(Work task): Among the entries below, extract exactly the lines that run from the one with "The advent of" through the one with "Figure 6: The", both ends included.

### Data to use

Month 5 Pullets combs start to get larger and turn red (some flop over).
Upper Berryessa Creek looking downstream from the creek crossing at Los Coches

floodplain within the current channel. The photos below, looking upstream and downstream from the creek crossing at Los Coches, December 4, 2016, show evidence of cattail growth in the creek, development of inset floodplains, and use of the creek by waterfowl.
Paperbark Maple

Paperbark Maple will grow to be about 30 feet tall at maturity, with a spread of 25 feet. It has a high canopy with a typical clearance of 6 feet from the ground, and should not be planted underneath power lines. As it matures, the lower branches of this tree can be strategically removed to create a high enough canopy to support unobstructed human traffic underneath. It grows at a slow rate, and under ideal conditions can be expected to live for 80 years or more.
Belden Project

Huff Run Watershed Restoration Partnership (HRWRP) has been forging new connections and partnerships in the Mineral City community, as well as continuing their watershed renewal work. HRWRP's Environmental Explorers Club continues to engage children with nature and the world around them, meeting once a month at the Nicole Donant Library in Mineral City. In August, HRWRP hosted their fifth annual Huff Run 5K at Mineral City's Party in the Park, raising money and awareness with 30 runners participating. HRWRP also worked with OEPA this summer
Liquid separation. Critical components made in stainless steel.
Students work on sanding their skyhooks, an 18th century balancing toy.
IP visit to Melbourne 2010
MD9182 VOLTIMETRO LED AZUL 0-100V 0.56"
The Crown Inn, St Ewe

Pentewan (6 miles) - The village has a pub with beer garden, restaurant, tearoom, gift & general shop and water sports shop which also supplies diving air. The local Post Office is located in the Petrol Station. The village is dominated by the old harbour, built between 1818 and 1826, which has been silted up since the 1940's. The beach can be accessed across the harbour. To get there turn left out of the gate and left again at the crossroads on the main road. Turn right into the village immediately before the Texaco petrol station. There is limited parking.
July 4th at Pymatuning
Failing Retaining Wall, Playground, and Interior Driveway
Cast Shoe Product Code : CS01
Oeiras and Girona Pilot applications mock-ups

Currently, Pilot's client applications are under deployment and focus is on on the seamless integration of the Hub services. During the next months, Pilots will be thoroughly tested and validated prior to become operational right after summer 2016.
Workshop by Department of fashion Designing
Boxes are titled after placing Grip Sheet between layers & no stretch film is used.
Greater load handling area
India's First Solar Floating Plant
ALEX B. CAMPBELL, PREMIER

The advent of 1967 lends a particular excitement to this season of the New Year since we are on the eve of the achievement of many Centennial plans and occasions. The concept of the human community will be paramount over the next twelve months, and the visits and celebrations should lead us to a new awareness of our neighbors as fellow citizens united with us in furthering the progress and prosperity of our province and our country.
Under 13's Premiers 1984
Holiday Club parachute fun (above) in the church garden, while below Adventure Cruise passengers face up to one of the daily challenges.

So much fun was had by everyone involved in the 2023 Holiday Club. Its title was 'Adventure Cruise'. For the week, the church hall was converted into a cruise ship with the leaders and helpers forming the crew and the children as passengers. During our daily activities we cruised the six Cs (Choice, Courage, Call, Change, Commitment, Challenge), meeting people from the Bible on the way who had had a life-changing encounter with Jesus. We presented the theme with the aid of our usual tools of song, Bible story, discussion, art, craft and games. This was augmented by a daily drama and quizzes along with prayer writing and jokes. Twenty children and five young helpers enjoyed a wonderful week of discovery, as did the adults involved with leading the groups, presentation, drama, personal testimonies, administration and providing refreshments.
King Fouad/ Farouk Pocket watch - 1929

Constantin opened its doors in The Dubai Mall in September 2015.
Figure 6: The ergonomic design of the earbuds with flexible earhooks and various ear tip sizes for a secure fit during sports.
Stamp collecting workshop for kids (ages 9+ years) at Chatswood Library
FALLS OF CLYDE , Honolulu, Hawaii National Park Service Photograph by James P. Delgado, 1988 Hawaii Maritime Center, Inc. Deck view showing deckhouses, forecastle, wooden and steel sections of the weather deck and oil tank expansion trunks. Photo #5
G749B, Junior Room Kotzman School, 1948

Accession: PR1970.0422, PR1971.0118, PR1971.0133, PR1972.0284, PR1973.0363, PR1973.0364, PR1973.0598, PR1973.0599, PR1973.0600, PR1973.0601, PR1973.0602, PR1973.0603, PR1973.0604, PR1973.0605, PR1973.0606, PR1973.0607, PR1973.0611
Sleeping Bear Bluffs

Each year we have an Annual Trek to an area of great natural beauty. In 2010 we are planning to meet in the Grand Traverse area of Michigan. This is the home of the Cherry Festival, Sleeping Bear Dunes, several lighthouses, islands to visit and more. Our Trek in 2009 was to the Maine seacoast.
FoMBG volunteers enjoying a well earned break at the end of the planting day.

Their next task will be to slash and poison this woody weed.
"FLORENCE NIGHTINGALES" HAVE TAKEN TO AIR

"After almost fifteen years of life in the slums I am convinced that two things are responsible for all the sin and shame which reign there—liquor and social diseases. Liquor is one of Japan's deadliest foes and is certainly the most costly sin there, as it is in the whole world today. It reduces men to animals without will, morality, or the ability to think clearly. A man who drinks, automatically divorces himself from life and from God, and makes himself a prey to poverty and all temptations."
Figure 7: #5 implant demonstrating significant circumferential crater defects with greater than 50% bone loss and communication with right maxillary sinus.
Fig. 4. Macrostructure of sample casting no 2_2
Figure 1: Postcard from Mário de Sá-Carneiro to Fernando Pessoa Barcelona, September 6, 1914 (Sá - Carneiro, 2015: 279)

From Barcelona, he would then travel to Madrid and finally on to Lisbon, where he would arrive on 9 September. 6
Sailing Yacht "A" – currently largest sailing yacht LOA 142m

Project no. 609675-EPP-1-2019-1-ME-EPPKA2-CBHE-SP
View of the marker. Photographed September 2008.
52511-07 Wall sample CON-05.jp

######

(Result of the task):
The advent of 1967 lends a particular excitement to this season of the New Year since we are on the eve of the achievement of many Centennial plans and occasions. The concept of the human community will be paramount over the next twelve months, and the visits and celebrations should lead us to a new awareness of our neighbors as fellow citizens united with us in furthering the progress and prosperity of our province and our country.
Under 13's Premiers 1984
Holiday Club parachute fun (above) in the church garden, while below Adventure Cruise passengers face up to one of the daily challenges.

So much fun was had by everyone involved in the 2023 Holiday Club. Its title was 'Adventure Cruise'. For the week, the church hall was converted into a cruise ship with the leaders and helpers forming the crew and the children as passengers. During our daily activities we cruised the six Cs (Choice, Courage, Call, Change, Commitment, Challenge), meeting people from the Bible on the way who had had a life-changing encounter with Jesus. We presented the theme with the aid of our usual tools of song, Bible story, discussion, art, craft and games. This was augmented by a daily drama and quizzes along with prayer writing and jokes. Twenty children and five young helpers enjoyed a wonderful week of discovery, as did the adults involved with leading the groups, presentation, drama, personal testimonies, administration and providing refreshments.
King Fouad/ Farouk Pocket watch - 1929

Constantin opened its doors in The Dubai Mall in September 2015.
Figure 6: The ergonomic design of the earbuds with flexible earhooks and various ear tip sizes for a secure fit during sports.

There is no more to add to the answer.